* [Source data]:
════
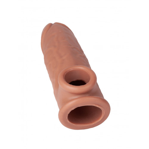 Коричневая удлиняющая насадка с отверстием для мошонки - 18 5 см.
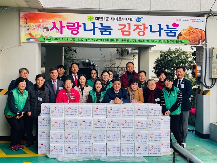 [로컬세계 부산=맹화찬 기자]부산 남구 대연1동 새마을부녀회는 지난 21일 대연1동 행정복지센터 1층 주차장에서 '사랑나눔, 김장나눔'행사를 개최했다.
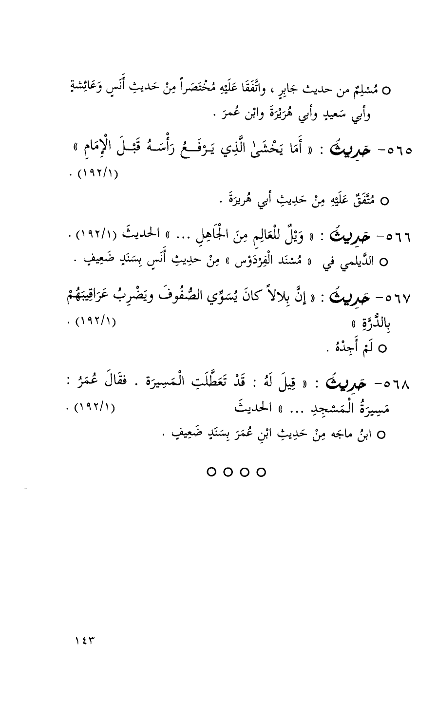 567 حديث ( إن بلالاً كان يسوي الصفوف ويضرب عراقيبهم بالدرة ) ( 1 / 192 ) + لم أجده +
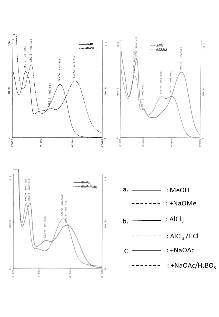 | 紫外/可視吸収 | UVλmax (nm): MeOH 258, 265sh, 358; +NaOMe 272, 330, 409 (inc.); +AlCl3 276, 434; +AlCl3/HCl 270, 297sh, 364, 400; +NaOAc 273, 325, 390; +NaOAc/H3BO3 262, 379 |
════
* [Your instructions]: Output the data above verbatim, pictures excluded.

* [Problem solution]:
 Коричневая удлиняющая насадка с отверстием для мошонки - 18 5 см.
 [로컬세계 부산=맹화찬 기자]부산 남구 대연1동 새마을부녀회는 지난 21일 대연1동 행정복지센터 1층 주차장에서 '사랑나눔, 김장나눔'행사를 개최했다.
 567 حديث ( إن بلالاً كان يسوي الصفوف ويضرب عراقيبهم بالدرة ) ( 1 / 192 ) + لم أجده +
 | 紫外/可視吸収 | UVλmax (nm): MeOH 258, 265sh, 358; +NaOMe 272, 330, 409 (inc.); +AlCl3 276, 434; +AlCl3/HCl 270, 297sh, 364, 400; +NaOAc 273, 325, 390; +NaOAc/H3BO3 262, 379 |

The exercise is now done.